Pfizer was sued after 11 children died in a clinical trial when the northern state of Kano was hit by Africa's worst ever meningitis epidemic in 1996. A hundred children were given an experimental oral antibiotic called Trovan, while a further hundred received ceftriaxone, the "gold-standard" treatment of modern medicine.
Five children died on Trovan and six on ceftriaxone. But later it was claimed that Pfizer did not have proper consent from parents to use an experimental drug on their children and questions were raised over the documentation of the trial.
Legal action filed against the company alleged that some received a dose lower than recommended, leaving many children with brain damage, paralysis or slurred speech.
US-based Pfizer had argued that meningitis and not its antibiotic had led to the deaths of 11 children and harm to dozens of others. But in 2009 it reached a tentative out-of-court settlement with the Kano state government worth $75m.
The families of four of the children each collected cheques for $175,000 from a compensation trust fund, after submitting DNA samples to show that the dead were their offspring.
The compensation was the first given out by the Healthcare/Meningitis Trust Fund. The decision over who is compensated and for how much is being managed by an independent board of trustees in Kano, not by the government or Pfizer, the company has said. "We are pleased that these four individuals, the first group of qualified claimants of the Healthcare/Meningitis Trust Fund, have received compensation," said a spokesman.
"This is the first step in a multiphase review process by which the independent board of trustees that manages the funds will deliver payments to all other claimants.
"We thank them for their commitment and dedication to seeing this process through in the most timely and transparent way possible."
But one parent who lost a daughter said the process was still dogged by local factionalism and he had no idea when he would receive money.
"I talked to my attorney this week," said the man, who did not wish to be named for legal reasons. "They are still in contact with Pfizer as to when I will get paid. We are just crossing our fingers."
He added: "We are fed up with this case. Our children are dead and some are maimed.
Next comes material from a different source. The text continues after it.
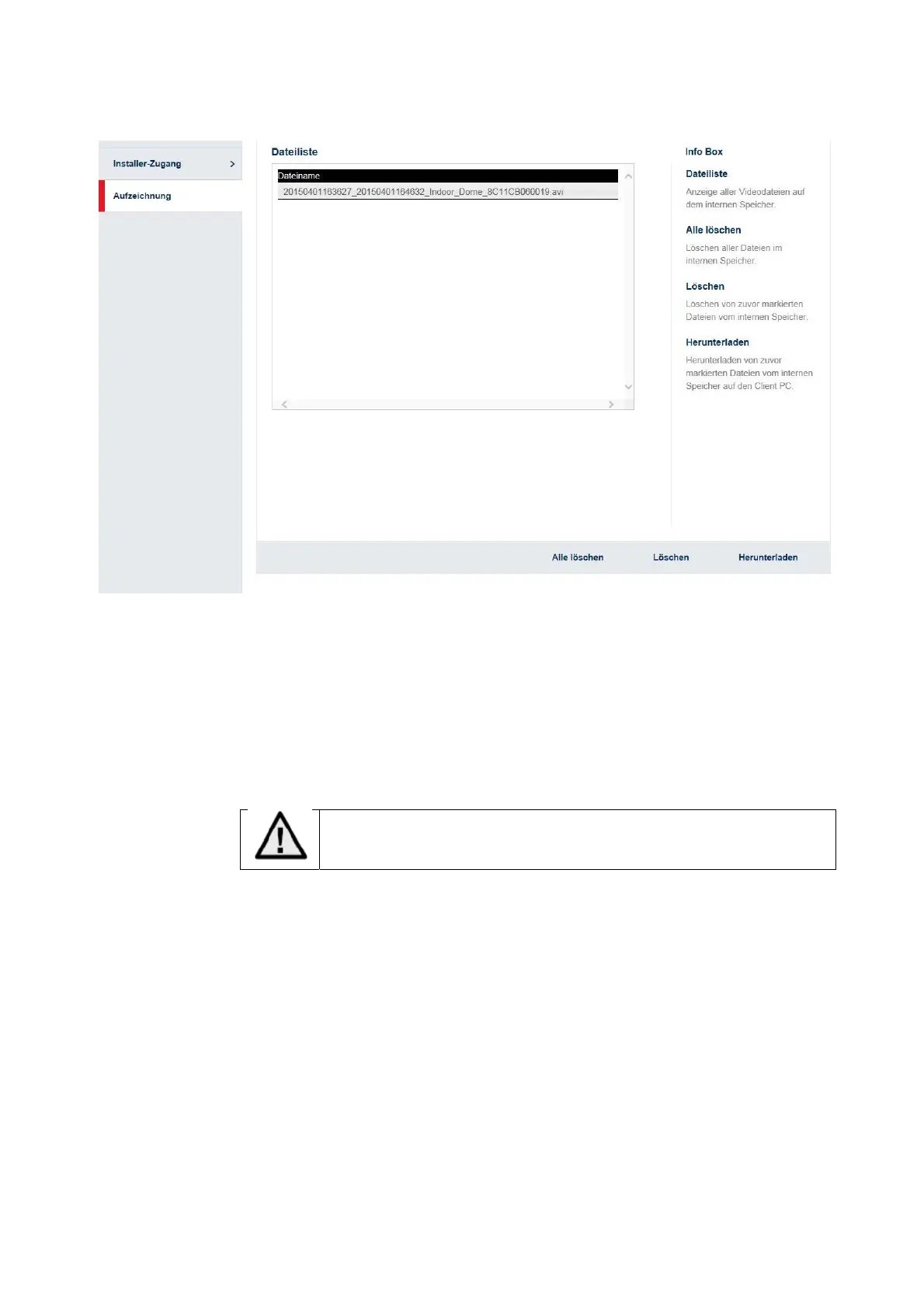 10.4.10 Visualizzazione/download delle registrazioni dalla memoria interna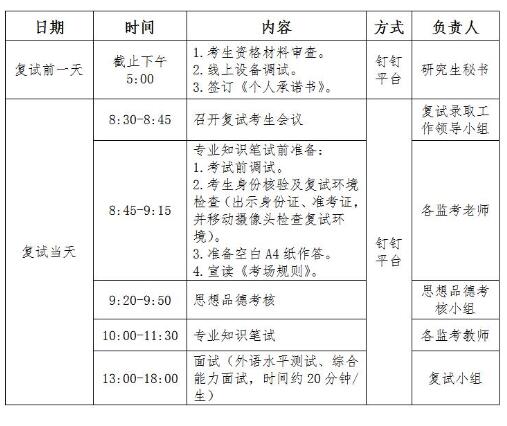 复试采用线上专业课笔试和线上面试相结合的方式。线上面试包括综合能力面试、外语水平测试和思想品德考核。

We want to end this matter now, but some people are being opportunist for riches."
Pfizer said in February it had settled all outstanding lawsuits involving accusations that it tested the experimental antibiotic Trovan on children.
The pharmaceutical giant also agreed to sponsor health projects in Kano as well as creating a fund of $35m to compensate those affected.
But last year a US diplomatic cable uncovered by WikiLeaks revealed that Pfizer hired investigators to look for evidence of corruption against the Nigerian attorney general in an effort to persuade him to drop the legal action.
The cable reported a meeting between Pfizer's country manager, Enrico Liggeri, and US officials at the Abuja embassy on 9 April 2009. It stated: "According to Liggeri, Pfizer had hired investigators to uncover corruption links to federal attorney general Michael Aondoakaa to expose him and put pressure on him to drop the federal cases.
He said Pfizer's investigators were passing this information to local media."
There is no suggestion that the attorney general was swayed by the pressure. Pfizer, for its part, issued a statement at the time saying it had acted properly while negotiating its 2009 settlement with the government. "Although Pfizer has not seen any documents from the US embassy in Nigeria regarding the federal government cases," it said, "any notion that the company hired investigators in connection to the former attorney general is simply preposterous."
Pfizer had planned to sell Trovan in the US and Europe after the trials on African children. However, its licence was withdrawn in Europe because of concern over liver toxicity.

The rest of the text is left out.